Отвыкшая от путешествия на лошадях, после 70 верст я чувствовала себя совершенно разбитой. Сестра поспешила уложить меня на диванчике почтовой станции, где мы нашли первый приют. Но едва мы стали устраиваться, вошел стражник и, заложив руки за спину, стал греться у печки.

— Что вам тут надо? — спросила Ольга.

— Приказано быть при вас, — отвечал стражник.

Сестра вскипела и тотчас отправилась на въезжую, где остановился исправник.

После споров и перекоров стражник в исполнении своих обязанностей был введен в должные границы.

Надо сказать, что вопрос о стражниках поднимался еще в Архангельске: исправник объявил сестре, что в Нёноксе стражники будут по очереди дежурить в моей квартире день и ночь.

Этого сестра уж никак не могла допустить: пусть стражники днюют и ночуют у дверей дома, где я буду жить, но в квартиру к себе мы их не пустим.

Она таки отвоевала это, хотя исправник и взывал к нашему чувству гуманности, указывая на 35-40-градусные морозы Архангельской губернии, от которых, при наружном наблюдении, могли пострадать стражники.

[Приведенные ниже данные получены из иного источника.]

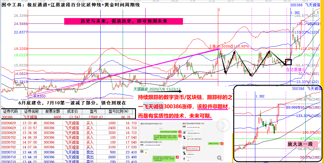 回顧總結學習該股的選出依據及操作信號,歷史前一波的上漲作為起始因子,那么未來的走勢江恩時空線幫你提前顯現!遵循江恩所言,精進研究歷史,即可掌控未來!飛天誠信同步6月底建倉,7月10日第一波高點減倉,剩下的鎖倉至今,單只個股利潤逼近8萬元,盈利超80%,這就是波段交易的魅力,你看懂了嗎?
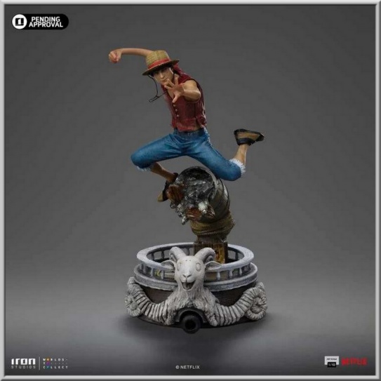 Diorama en résine de Monkey D. Luffy tirée de la série Netflix One Piece à l´échelle 1/10, dimensions env. 23 x 11 x 18 cm sur socle sous licence officielle de la collection Art Scale du fabricant Iron Studios.

На другой день, укутанные как следует, мы отправились с сестрой искать квартиру, и было странно в первый раз идти без жандарма впереди и сзади. Впрочем, в почтительном отдалении шел и теперь один из моих соглядатаев. Посад имел две тысячи жителей, и, когда накануне наша кибитка въехала в улицы, я с любопытством смотрела на дома, большие, двухэтажные, со множеством окон, что особенно обращало внимание в виду холодного климата губернии. «Да это лучше нашего уездного города — Тетюш, как я его помню тридцать лет назад», — сказала я сестре, и мы надеялись без труда найти подходящее помещение для нас.

Увы! квартиру подыскать было не легко.

Казенного леса в Архангельском уезде много, и он отпускается крестьянам за самую незначительную плату. Благодаря этому, многие жители посада имеют не один, а два дома. Но, хорошие снаружи, они внутри находятся в разрушении; создается впечатление, что хозяева когда-то жили богаче, лучше, а теперь переживают кризис. Стены оклеены обоями, но они оборваны, висят клочьями и колышутся от ветра, залетающего в разбитые стекла рам; полы, некогда выкрашенные, облезли и загажены. Сами хозяева, оставив просторные хоромы, ютятся где-нибудь в пристройках и грязных избах.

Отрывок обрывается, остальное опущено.